Gebruikers kunnen bepaalde gespreksinstellingen voor de virtuele lijn configureren door FAC of de schermtoets van de MPP-telefoon te gebruiken voor de toegewezen corresponderende lijntoets.

Beheerders en eindgebruikers kunnen de instellingen voor de virtuele lijn niet configureren in de User Hub.

Virtuele lijnen toewijzen aan belfuncties

Het toewijzen van virtuele lijnen aan belfuncties is niet anders dan het toewijzen van de primaire lijn van de gebruiker aan belfuncties. U kunt hetzelfde proces uitvoeren. Het enige verschil is dat u het virtuele lijnnummer selecteert of invoert in plaats van een primair lijnnummer.

U kunt een virtuele lijn als lid toewijzen aan de volgende gespreksfuncties:

U kunt de virtuele lijn ook als doel toewijzen aan de controlelijst van andere gebruikers.

Om toegang te krijgen tot de belfuncties, kunt u naar Services gaan > Bellen > Functies.

Beperkingen

Hier volgen enkele bekende beperkingen van de virtuele lijn:

  • U kunt een virtuele lijn niet aan een Executive toewijzen en deze gebruiken voor Executive-Assistent-functies.

  • U kunt als hotelgast geen virtuele lijn aan een werkruimteapparaat koppelen.

  • U kunt een virtuele lijn niet configureren om andere nummers te bewaken of om toestelnummers te parkeren.

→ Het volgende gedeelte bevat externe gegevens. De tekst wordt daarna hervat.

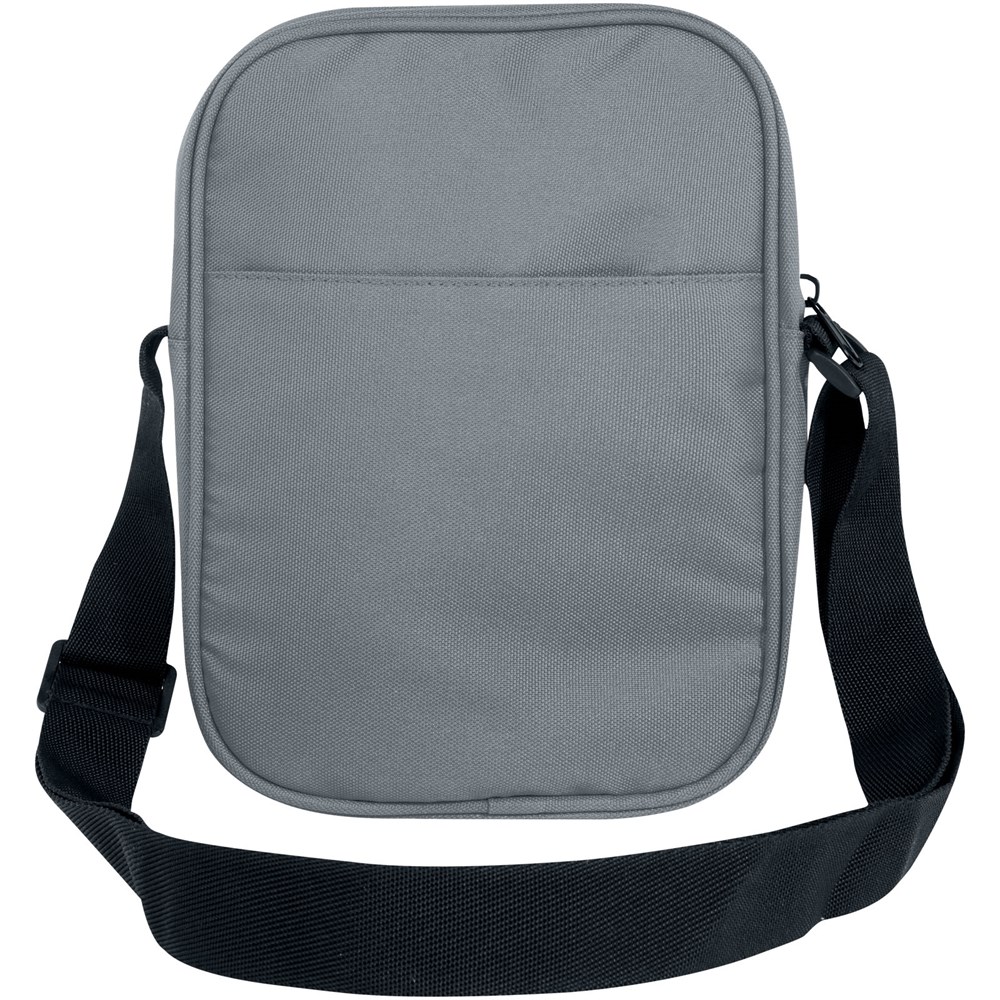 Practical and water-repellent crossbody bag made of GRS recycled polyester. It features a zipped compartment with a sleeve pocket inside to keep your everyday gadgets safely in place, a zipped front pocket for keys and valuable accessories, and an open sleeve pocket on the back for quick storage and access. With its adjustable high quality shoulder straps, the Byron crossbody bag is a perfect bag for everyday use with a minimal ecological footprint. PVC free.

  • Gebruikers kunnen de oproepinstellingen van virtuele lijnen niet beheren vanuit de Gebruikershub.

  • De softkeys van het callcenter worden alleen weergegeven als de virtuele lijn deel uitmaakt van de wachtrij. Voor meer informatie, zie Aankondigingen voor de Webex Calling-apparaten.